[Opening MATERIAL SHOWN section]

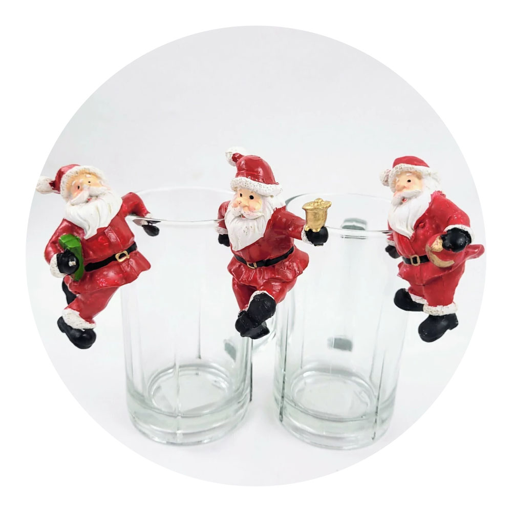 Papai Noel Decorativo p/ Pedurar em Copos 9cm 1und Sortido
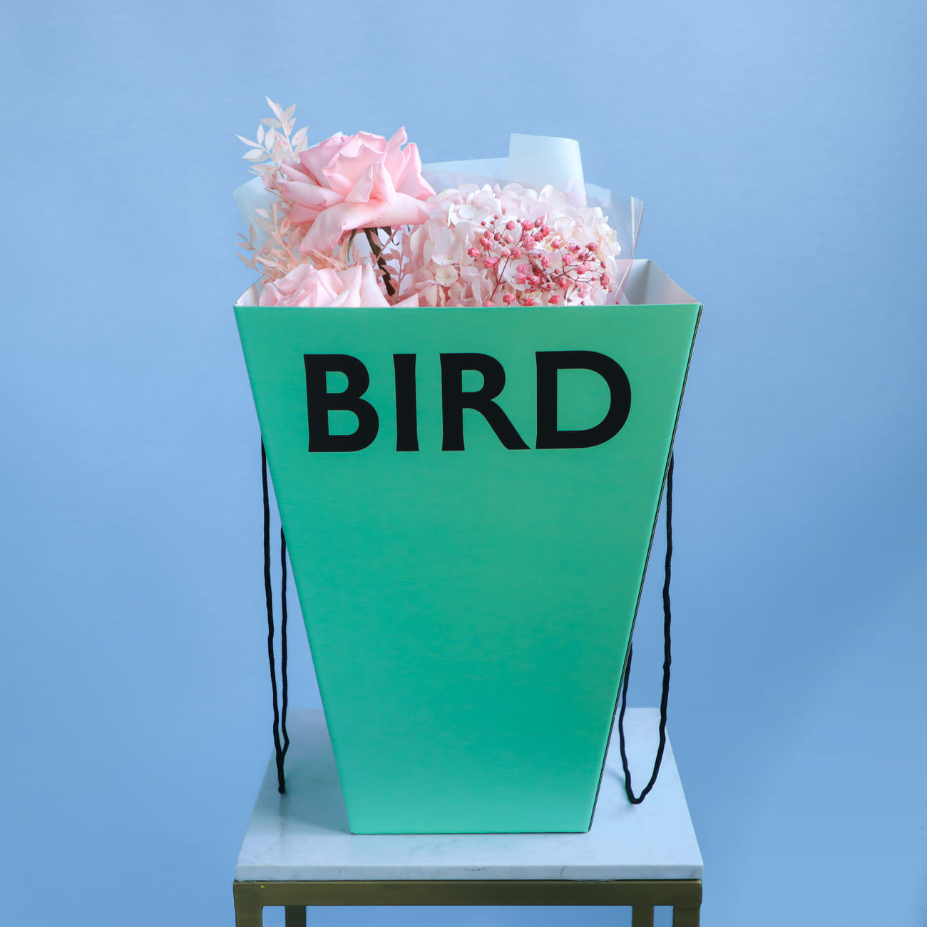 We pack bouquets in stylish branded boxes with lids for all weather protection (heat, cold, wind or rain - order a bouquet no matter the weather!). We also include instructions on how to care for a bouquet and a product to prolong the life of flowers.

[Closing MATERIAL SHOWN section]
[Opening MATERIAL SHOWN section]

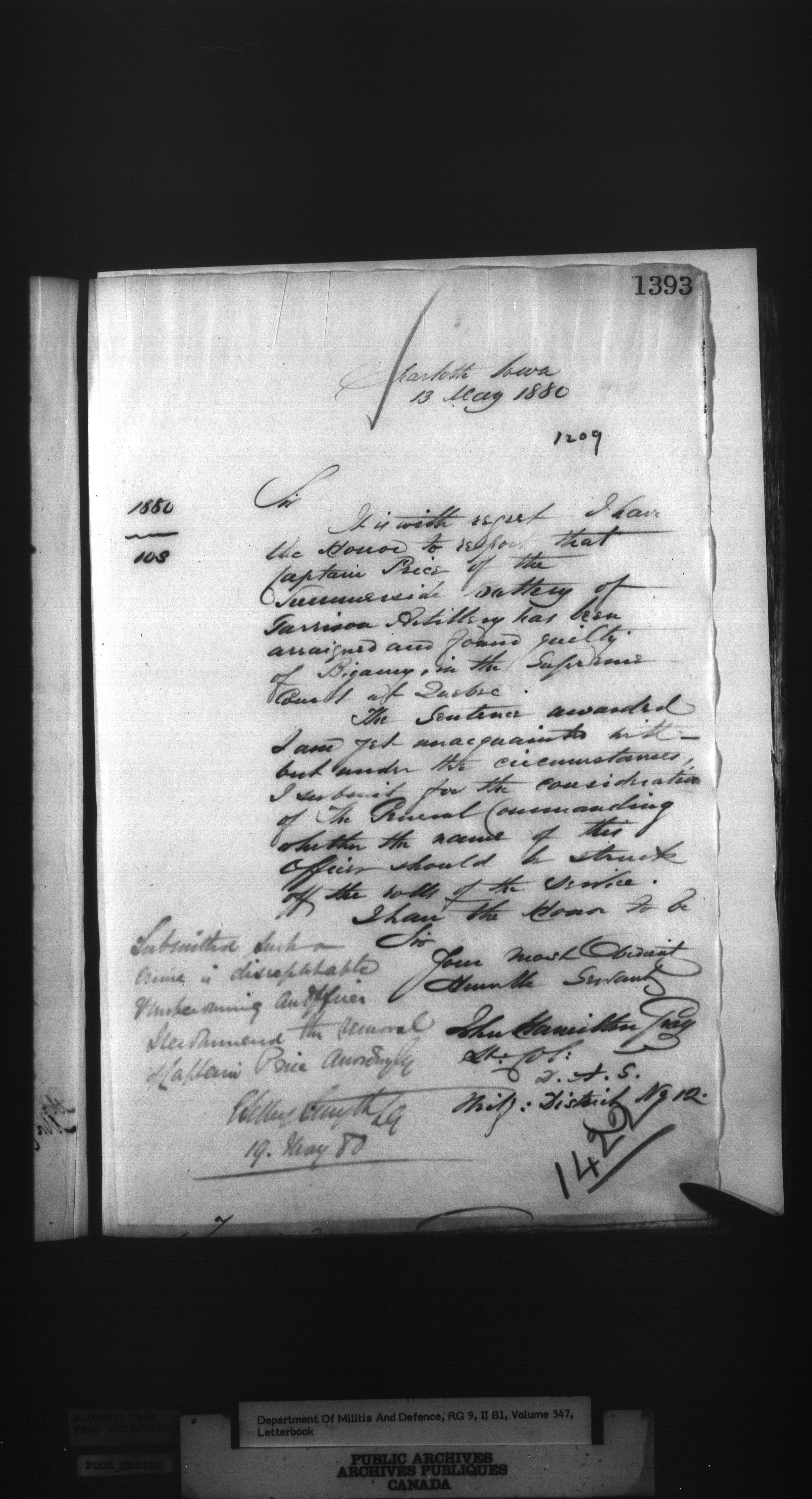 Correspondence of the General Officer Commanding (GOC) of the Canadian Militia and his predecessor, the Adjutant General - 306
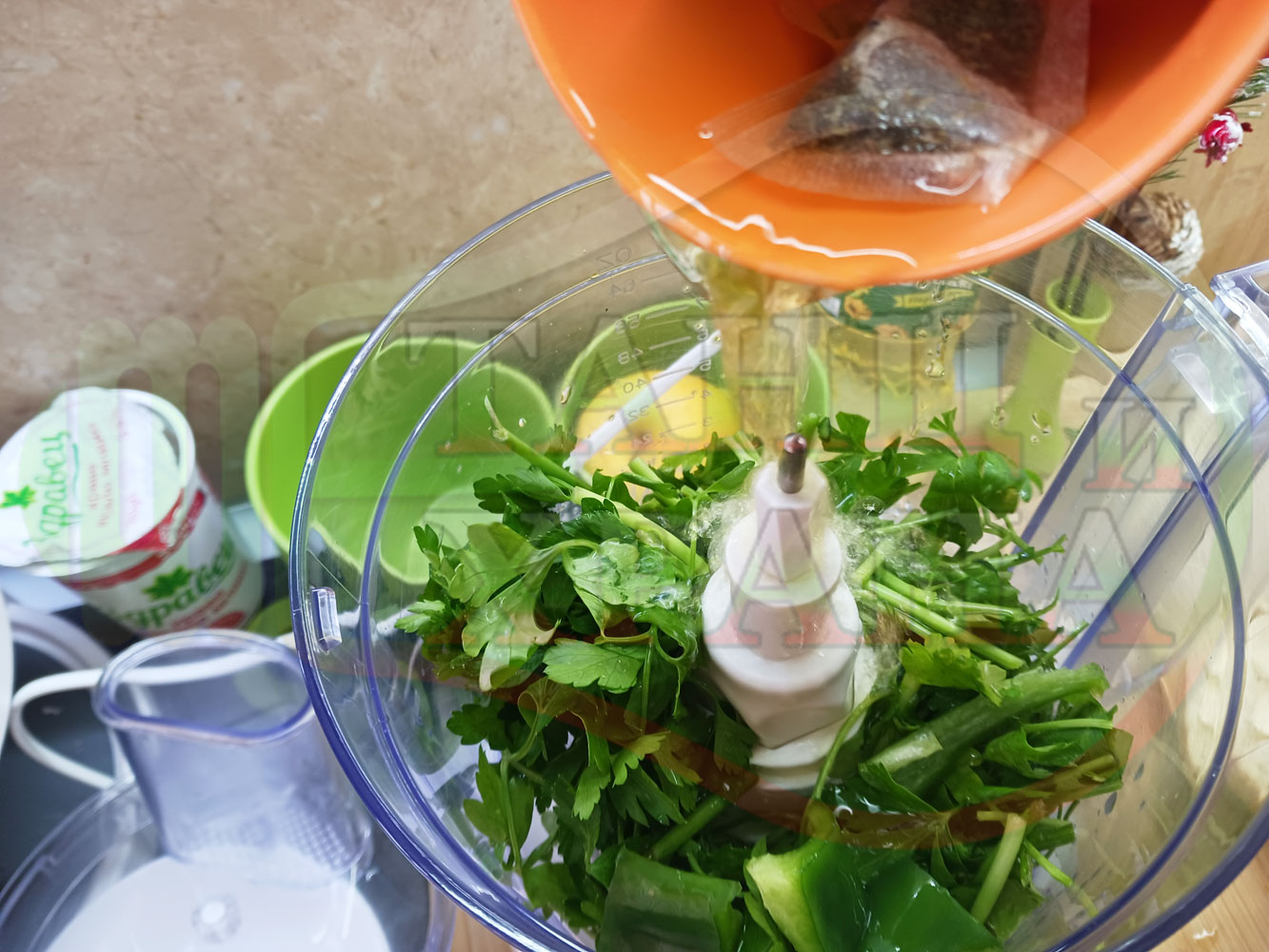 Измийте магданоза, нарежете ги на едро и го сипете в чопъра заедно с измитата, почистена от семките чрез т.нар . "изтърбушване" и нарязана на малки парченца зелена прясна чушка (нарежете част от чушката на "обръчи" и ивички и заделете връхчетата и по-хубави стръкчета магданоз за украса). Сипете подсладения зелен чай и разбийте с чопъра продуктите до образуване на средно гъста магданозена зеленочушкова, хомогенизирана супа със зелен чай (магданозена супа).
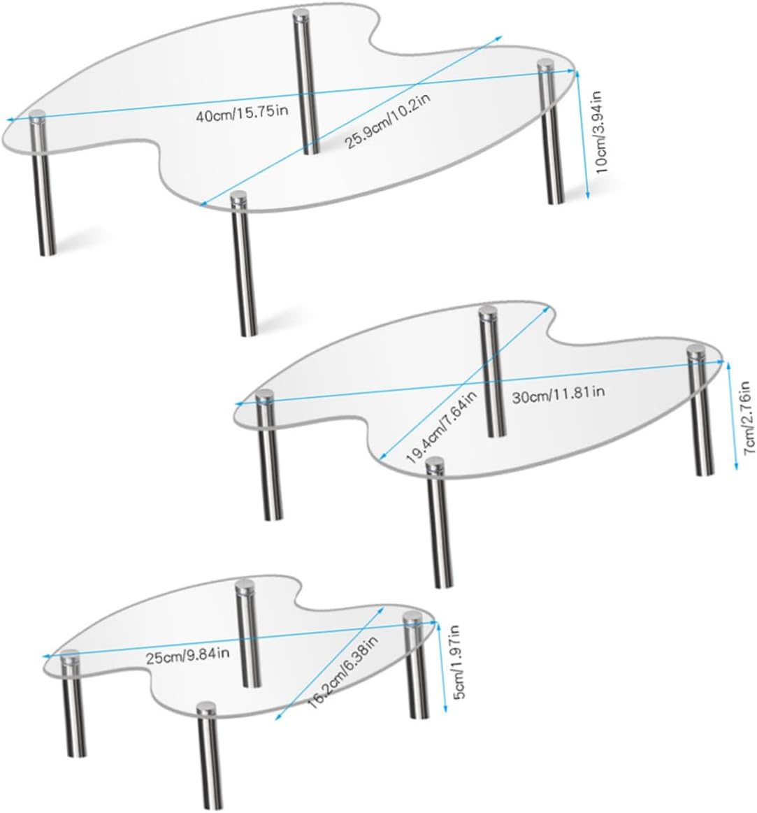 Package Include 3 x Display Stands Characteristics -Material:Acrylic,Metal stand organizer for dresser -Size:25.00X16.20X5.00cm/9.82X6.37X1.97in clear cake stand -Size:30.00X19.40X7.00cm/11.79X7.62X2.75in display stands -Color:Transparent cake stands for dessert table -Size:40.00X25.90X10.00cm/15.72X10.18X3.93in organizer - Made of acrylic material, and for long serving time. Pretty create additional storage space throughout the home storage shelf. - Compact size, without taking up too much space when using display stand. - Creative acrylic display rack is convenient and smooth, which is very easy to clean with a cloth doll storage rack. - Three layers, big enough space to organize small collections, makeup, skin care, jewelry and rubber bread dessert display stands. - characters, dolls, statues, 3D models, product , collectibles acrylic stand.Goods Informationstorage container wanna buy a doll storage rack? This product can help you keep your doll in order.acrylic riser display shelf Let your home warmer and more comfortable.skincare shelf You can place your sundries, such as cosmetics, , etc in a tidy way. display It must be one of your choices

[Closing MATERIAL SHOWN section]
[Opening MATERIAL SHOWN section]

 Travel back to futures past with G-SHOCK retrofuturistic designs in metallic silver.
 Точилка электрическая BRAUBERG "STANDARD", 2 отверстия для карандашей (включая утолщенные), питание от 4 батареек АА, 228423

[Closing MATERIAL SHOWN section]

■ **DIRECTIONS FOR THIS TASK**:
The answer is those lines of the material above that run from the one containing "Papai Noel Decorativo" up to and including the one containing "We pack bouquets", restated exactly and without images.

■ **SOLUTION TO THE PROBLEM**:
 Papai Noel Decorativo p/ Pedurar em Copos 9cm 1und Sortido
 We pack bouquets in stylish branded boxes with lids for all weather protection (heat, cold, wind or rain - order a bouquet no matter the weather!). We also include instructions on how to care for a bouquet and a product to prolong the life of flowers.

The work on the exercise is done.